Gross operator revenue improved by 42 per cent compared to the previous quarter ($297.8m) to $422.8m following “organic growth in Michigan, New Jersey, and existing customers in Pennsylvania”, jurisdiction expansion and retail sportsbook solution launches.

B2C revenue came in at $23.9m, down 2 per cent YoY (2022: $24.4m) due to a “weakening of the currencies”. Key performance indicators for the segment were strong as deposits, turnover and active customer numbers rose, with the latter increasing by 12 per cent to 257,000 (2022: 230,000) thanks to Latin American and customer retention growth.

Per region, European operations contributed the most with $12.7m (2022: $12.6m), followed by Latin America with $11.3m (2022: $12.2m), the United States with $8.5m ($11.5m) and the rest of the world with $2.7m (2022: $1.2m).

Smurfit commented: “Our first quarter showed another strong quarter of underlying KPIs for both our B2B and B2C businesses and B2B GOR and active customers, deposits, and turnover in B2C remain very encouraging.

“We also expect our deliberate efforts to reallocate capital and other resources toward our highest return opportunities to yield improved financial results in 2023 as we lean into GAN Sports in the US and select international markets for B2C where we are best positioned and see reasonably attainable paths to profitability.”

No timetable for strategic review

Net income improved for GAN to $1.5m, up from the $4.5m net loss the previous year. The company credited an amendment to a content licensing agreement to the gain.

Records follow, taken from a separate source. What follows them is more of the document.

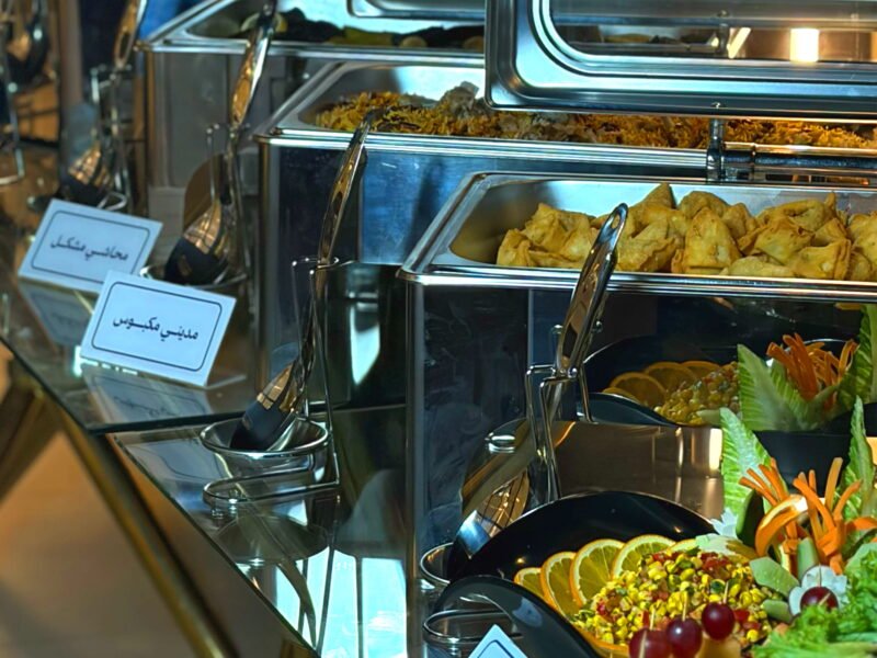الأصناف الساخنة: كبده اسكنراني – هوت دوج مكسيكان – استربس – بيف بيكون سوتيه – بطاطس ودج مع الاعشاب – بيض مسلوق – بيض مخفوق مع الباباروني – فول جلابة – فول حب مع ( فلفل الوان – طماطم – بصل – بهارات – زيت زيتون – طحينه )
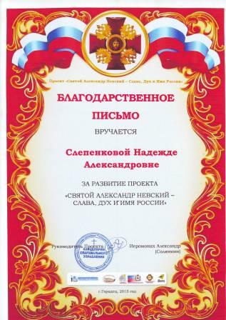 Благодарственное письмо за развитие проекта "Святой Александр Невский - слава, дух и имя России" |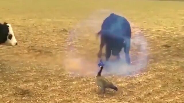 #結界を張り、牛たちの突進を受け止めるガチョウ
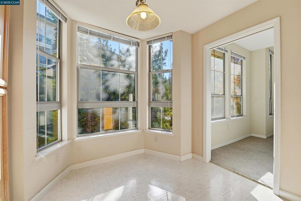 Rare Panorama unit on top floor in Pinnacle Ridge elevator building--does not share any walls with next-door neighbors! High ceilings and walls of windows for a light and bright space! Spacious living/dining area with wood burning fireplace, large primary bedroom with bay window seating area, breakfast room in kitchen. Views from the patio. Separate in-unit laundry room with laundry sink and hook-ups. Hot tub and pool for Pinnacle Ridge residents just across the street. Assigned parking and storage locker under building. Rossmoor offers golf, tennis, pickleball, lawn bowling, and other sports, clubhouses, restaurant, fitness center, security gate, basic cable TV and internet, over 200 clubs and many other amenities.

Adjusted EBITDA was only $39,000 (2022: $3m) due to the lower B2B revenue totals and a reduction in B2B capitalised development.

Operating expenses amounted to $31m, a 4 per cent increase YoY (2022: $29.9m) following an uptick in B2C sales and marketing activities “to attract additional end-users particularly in Latin America”.

As previously mentioned, GAN’s strategic review announced at the end of Q4 is still ongoing and no timetable for completion has been set, but the company expects to announce the outcome in a “timely fashion”.

“Our first quarter saw solid B2B and B2C KPIs that continue to show encouraging momentum and we remain focused on supporting expansion of GAN Sports in the US with additional partners,” Chang stated.

“We also took the very important step to execute our term loan amendment which we expect will save us roughly $4m per year in reduced cash interest expense payments over the next few years, and significantly strengthens our balance sheet.

“However, we remain unable to provide our financial outlook for 2023 within a reasonable range until we reach the ultimate conclusion of the strategic review process.”

Smurfit added: “We are also progressing in our strategic alternatives review to evaluate the opportunities available to us and maximise shareholder value. 

“Our recent announcement and term loan transaction bolstered our financial position and allowed us to modify the conditions of our term loan, significantly reduce our interest expense and strengthen our balance sheet.

“To be clear, this transaction should be viewed as a key step in the broader review process, but an important one that allows us to evaluate the options available to us from a stronger position. 

“Overall, we have been pleased with the nature of the strategic review up to this point, and we will provide updates as appropriate as the process unfolds. At present, there is no timetable for the completion of that process.”